§ Exercise goal: What you return should be only the lines in the entries below between the one holding "電化學(xué)儲能產(ch" and the one holding "Eisenach in Thüringen", ends included, with every picture left out.

★ ★ ★ ★ ★ ★ ★

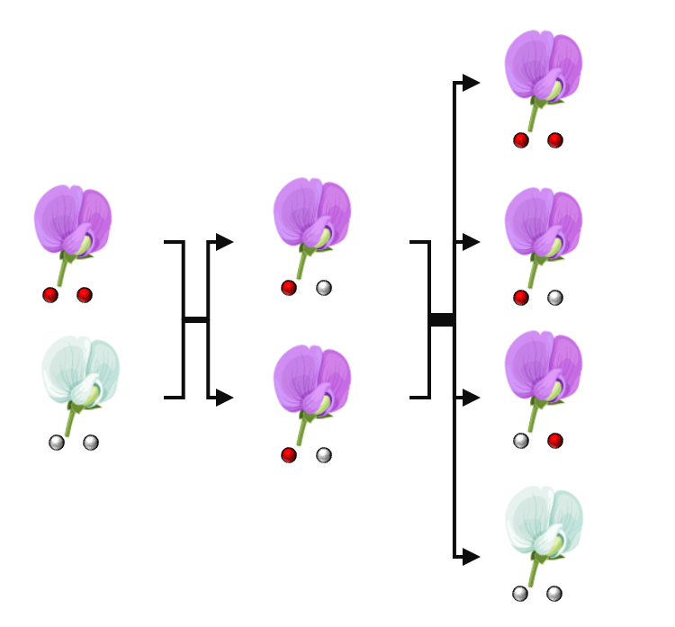 I caratteri studiati sono unitari, non si mischiano tra loro. Un fiore è bianco o rosso, non rosa. I figli di un incrocio non hanno una miscela di tratti dei genitori, ma sempre e solo uno dei due tratti, che io chiamo fattore dominante. Accoppiando una pianta di fiori rossi con una di fiori bianchi, la prima generazione ha sempre tutti i fiori rossi; il fattore recessivo dei fiori bianchi sembra scomparire, ma non è così. La seconda generazione, presenta ¾ di fiori rossi e ¼ di fiori bianchi.
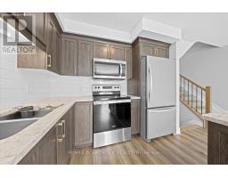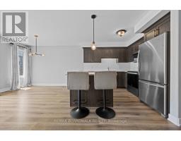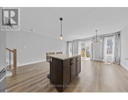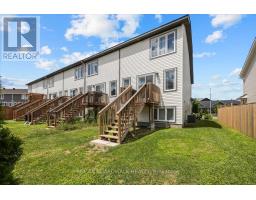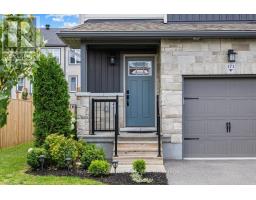 Beautiful 3 bedroom end unit townhome in the heart of Bellamy Farms, Smiths Falls, covered front porch w/aluminum railings, stone skirt exterior w/two tone siding, front door w/upper window, front foyer w/oversized tile, high ceilings, clear cut baseboards & two panel interior doors, centre island w/granite countertops, breakfast bar, shaker style cabinets, upper moldings & horizontal backsplash, open living & dining areas w/wide plank flooring, southern rear exposure w/multiple windows & patio door to elevated BBQ deck, staircase w/box post railing & metal spindles to 2nd level landing, 2 x front bedrooms w/double closets, 4 pc main bathroom w/granite vanity top, oval sink & moulded tub, primary bedroom feels like a private retreat w/twin French doors, multiple windows, 3 sided walk-in closet w/custom drawers, luxurious ensuite w/double wide glass door shower, oversized tile & granite topped vanity, separate 2nd level laundry room, open lower staircase to multifunction Rec room, w/electric fireplace & oversized windows, deep storage room & seperate utility area w/owned HRV, furnace, hot water tank & central air, inside access to insulated garage, double length driveway, 2 sided fenced backyard w/landscaping, easy access toCataraqui Trail, shopping, eateries & the Rideau Canal waterways, 24 hour irrevocable on all offers. (id:61594)
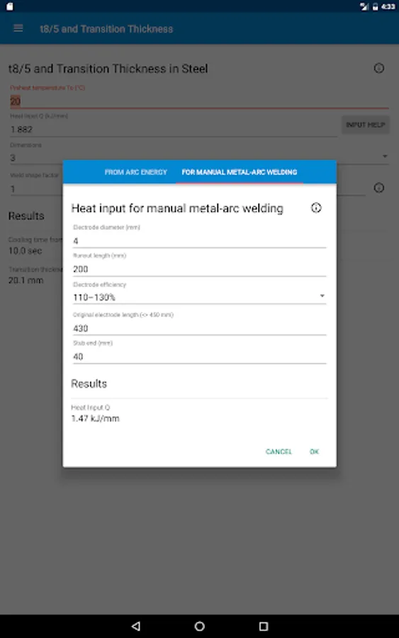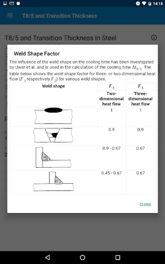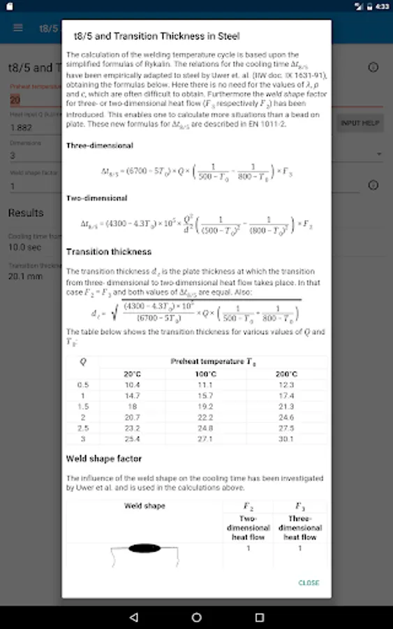 Calculate thermal cycles, t8/5 and preheat temperatures for the welding of steel. Ideal for welding teachers, students and engineers!
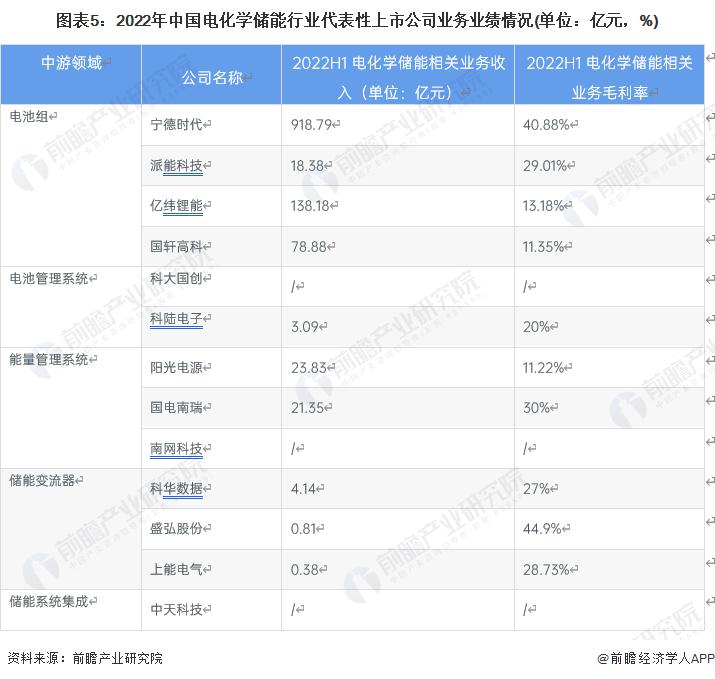 電化學(xué)儲能產(chǎn)業(yè)代表性企業(yè)經(jīng)營情況
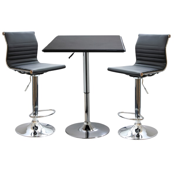 Set includes 1 adjustable bar height table and 2 adjustable counter height bar stools.
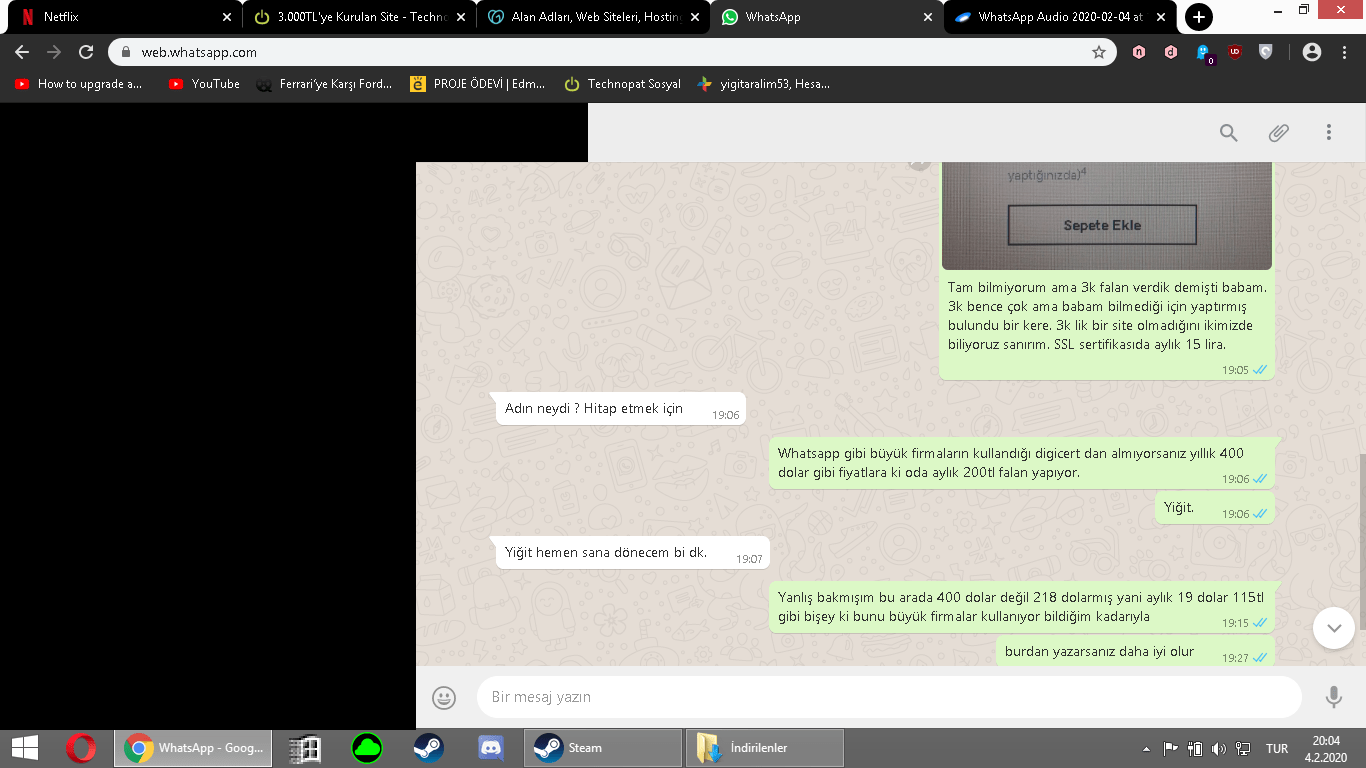 60 domaine, 300 hostinge verdiğini söylemiş. 2500'de siteymiş. Editörlük de 500. (Buradaki 60 domain ve 300 hosting abartılı rakamlar değil, olabilir diyebiliriz. Ama siteye 2500 abartılı bir rakam, editörlüğü da genelde bu tarz e-ticaret siteleri için bir butonla yapılabilecek şekilde kodlarlar ve siteye eklerler. Zaten satılacak şeyler belli her gün binlerce ürün eklenmeyeceğine göre editörlük için ayrı para almak mantıklı gelmiyor bana.)
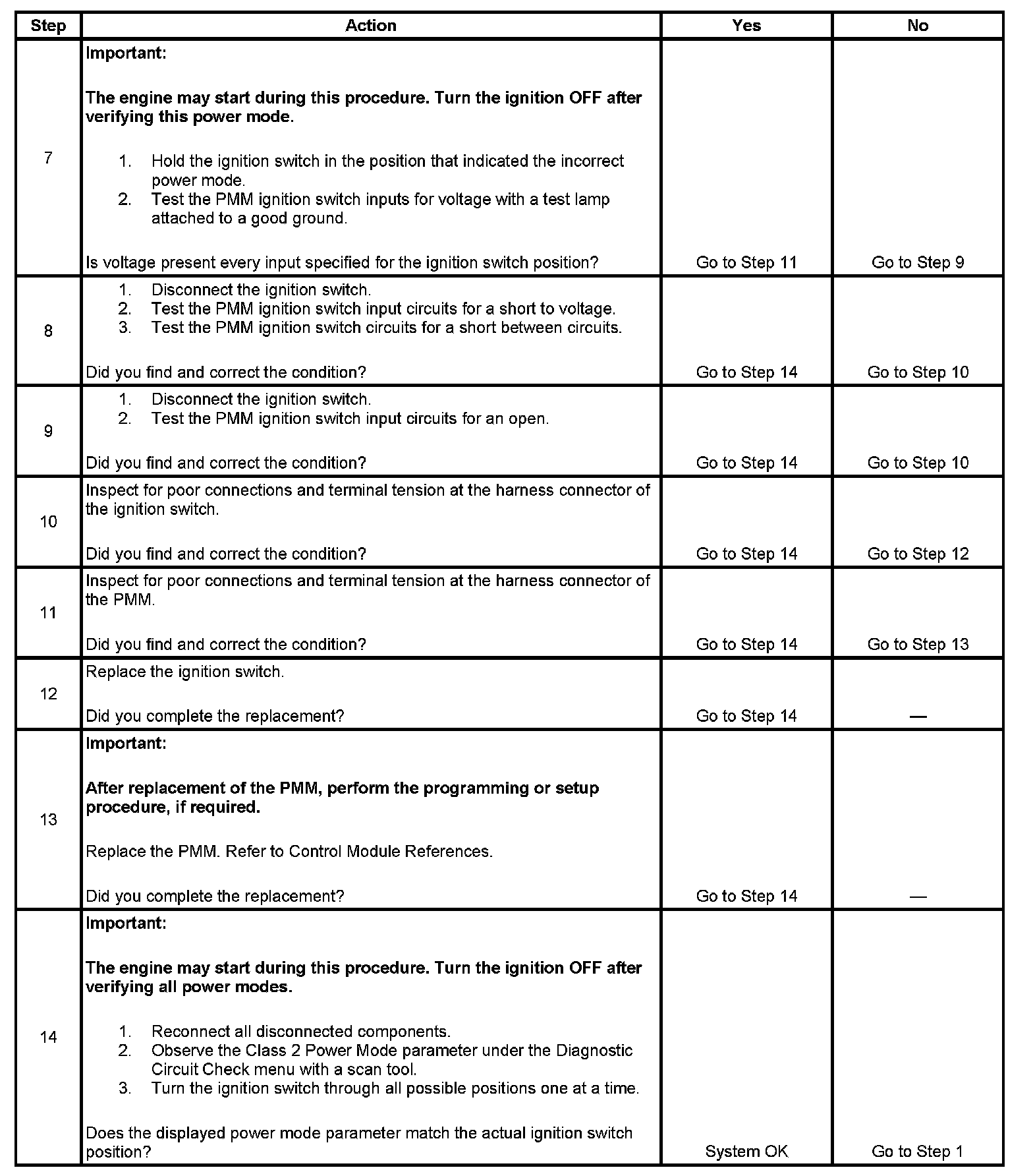 8. If any ignition switch parameters that should be inactive in the present ignition switch position are active, 2 ignition switch signal circuits may be shorted together.
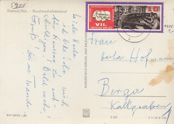 Eisenach in Thüringen Burschenschafts Denkmal 1965
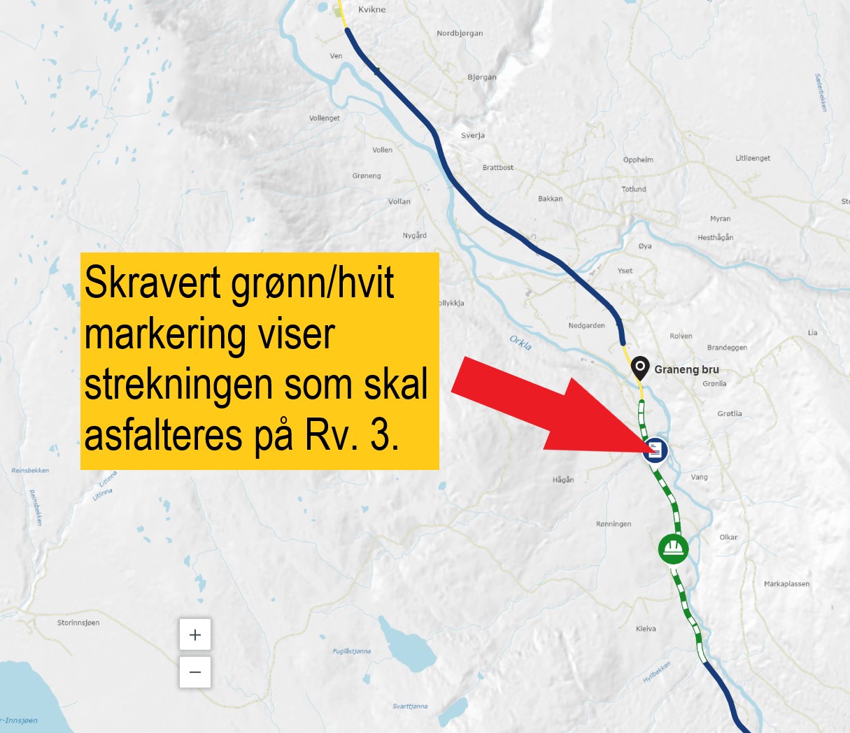 I og med det samtidig vil pågå utbedringsarbeider på rv. 3, der asfalteringen avsluttes og 2 kilometer sørover, blir det anleggstrafikk og redusert hastighet på et langt område.
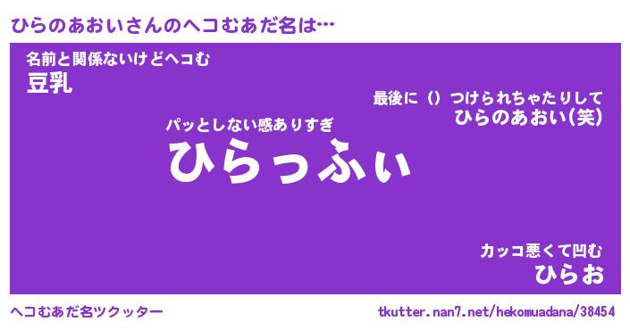 | ヒーロー風カッコイイあだ名 | 『スーパーヒラノアオイ』『銀牙騎士ヒラ』 |
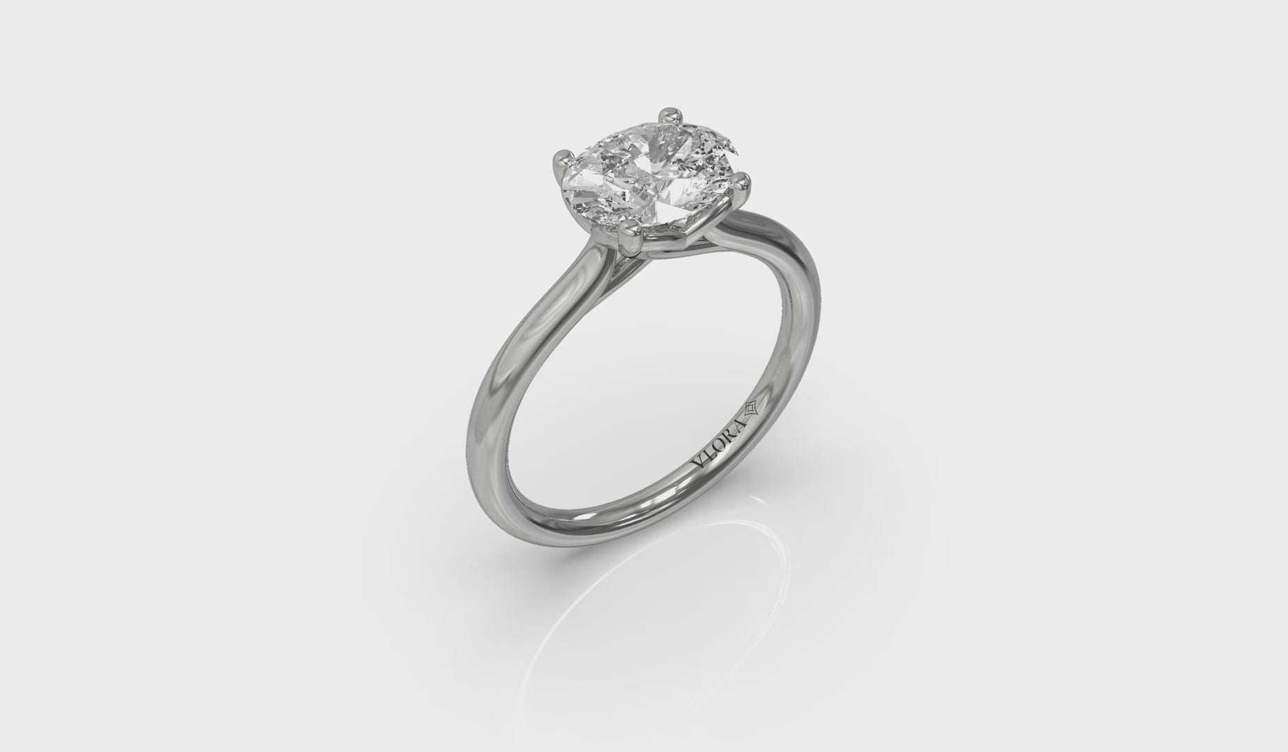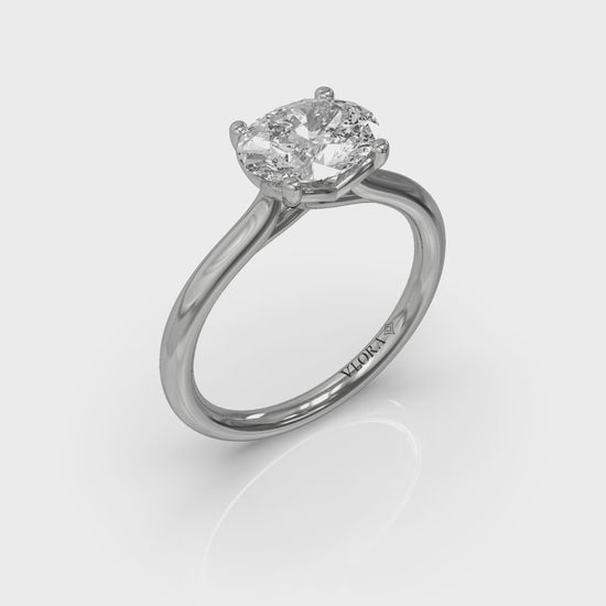 Celebrate one love forever with this solitaire oval engagement ring with a twist. The east-west set oval diamond catches the light brilliantly in Vlora's signature V-shaped setting. The woven strands of the cathedral setting symbolize two souls intertwined, a perfect metaphor for your journey together. The design highlights the elegance of the diamond, allowing its brilliance to be the center of attention—a fitting tribute to a lifetime filled with love.
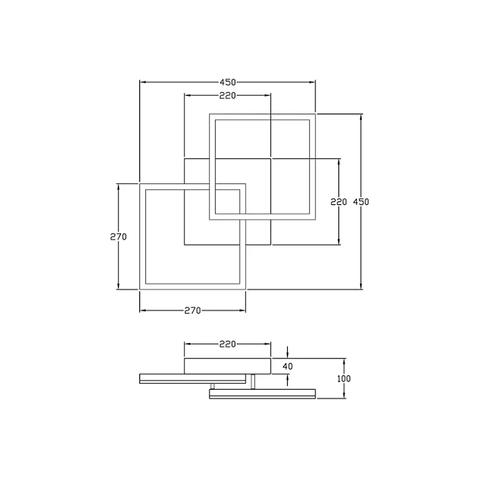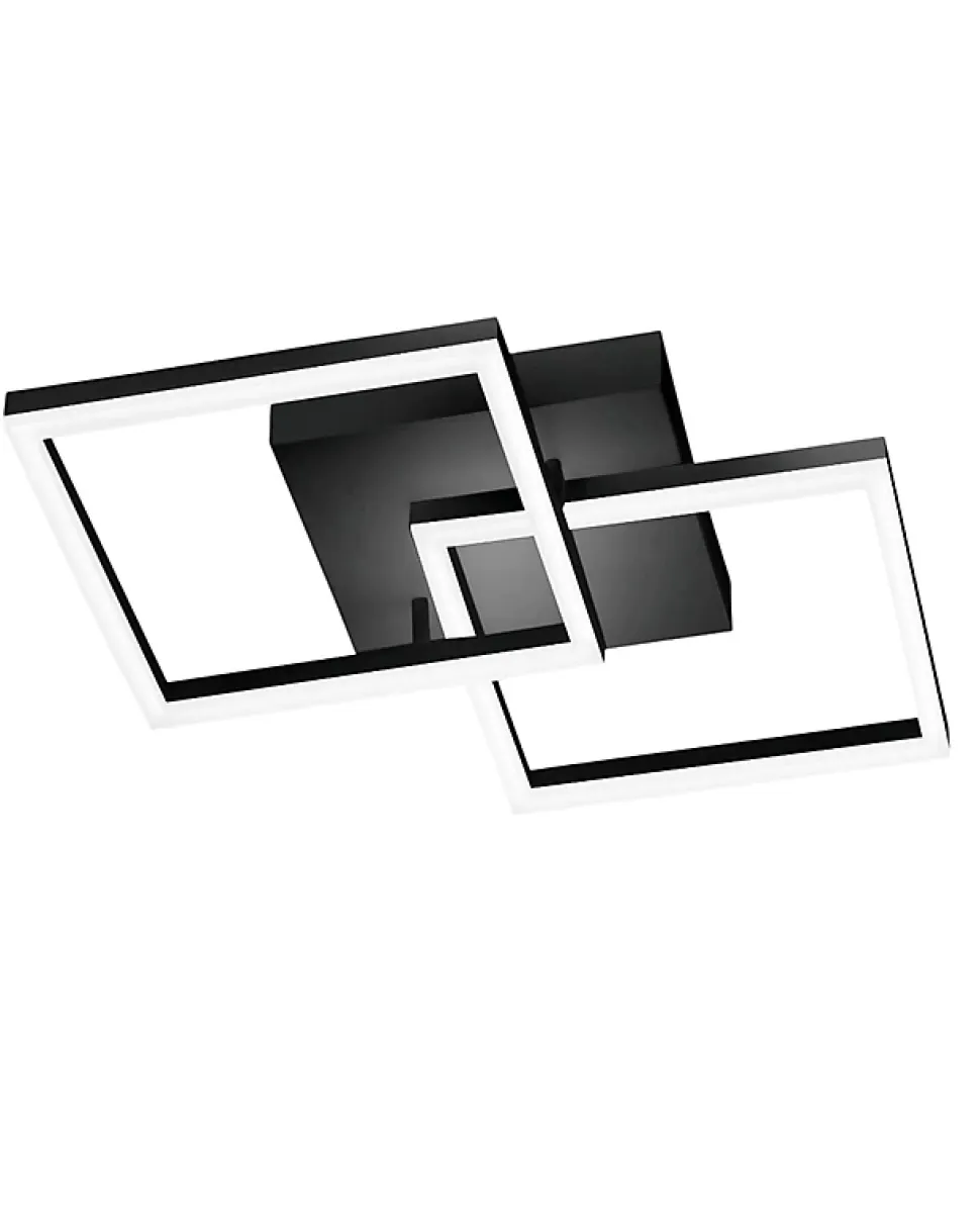 Plafonnier LED Bard moderne composé d’une structure carrée en métal noir et d’un diffuseur design en méthacrylate de 39 Watts.Plafonnier LED moderne dimmable, ce plafonnier a la possibilité de faire varier l’intensité de la lumière avec un variateur à coupure de phase non inclus. Plafonnier LED composé de deux caissons lumineux entrelacés. Très recherché pour sa luminosité. Idéal pour une installation dans des maisons modernes dans des pièces telles que les salons, les cuisines, les chambres, les couloirs ou les salles de bains. Plafonnier LED au design moderne très apprécié des architectes d’intérieur, architectes et aménageurs, il est très lumineux. Plafonnier LED parfait pour décorer les studios professionnels, les bureaux, les magasins ou les showrooms. La lampe noire s’adapte à tous les environnements, préfère les environnements modernes.Plafonnier LED avec indice de protection IP20, ne peut donc être utilisé qu’à l’intérieur. Plafonnier LED disponible uniquement dans des tons de lumière chaude (3000K).Dimensions du plafonnier 45×45 cm et hauteur 11cm. Flux lumineux de 3880 lumens

★ ★ ★ ★ ★ ★ ★

§ Solution for this exercise:
 電化學(xué)儲能產(chǎn)業(yè)代表性企業(yè)經(jīng)營情況
 Set includes 1 adjustable bar height table and 2 adjustable counter height bar stools.
 60 domaine, 300 hostinge verdiğini söylemiş. 2500'de siteymiş. Editörlük de 500. (Buradaki 60 domain ve 300 hosting abartılı rakamlar değil, olabilir diyebiliriz. Ama siteye 2500 abartılı bir rakam, editörlüğü da genelde bu tarz e-ticaret siteleri için bir butonla yapılabilecek şekilde kodlarlar ve siteye eklerler. Zaten satılacak şeyler belli her gün binlerce ürün eklenmeyeceğine göre editörlük için ayrı para almak mantıklı gelmiyor bana.)
 8. If any ignition switch parameters that should be inactive in the present ignition switch position are active, 2 ignition switch signal circuits may be shorted together.
 Eisenach in Thüringen Burschenschafts Denkmal 1965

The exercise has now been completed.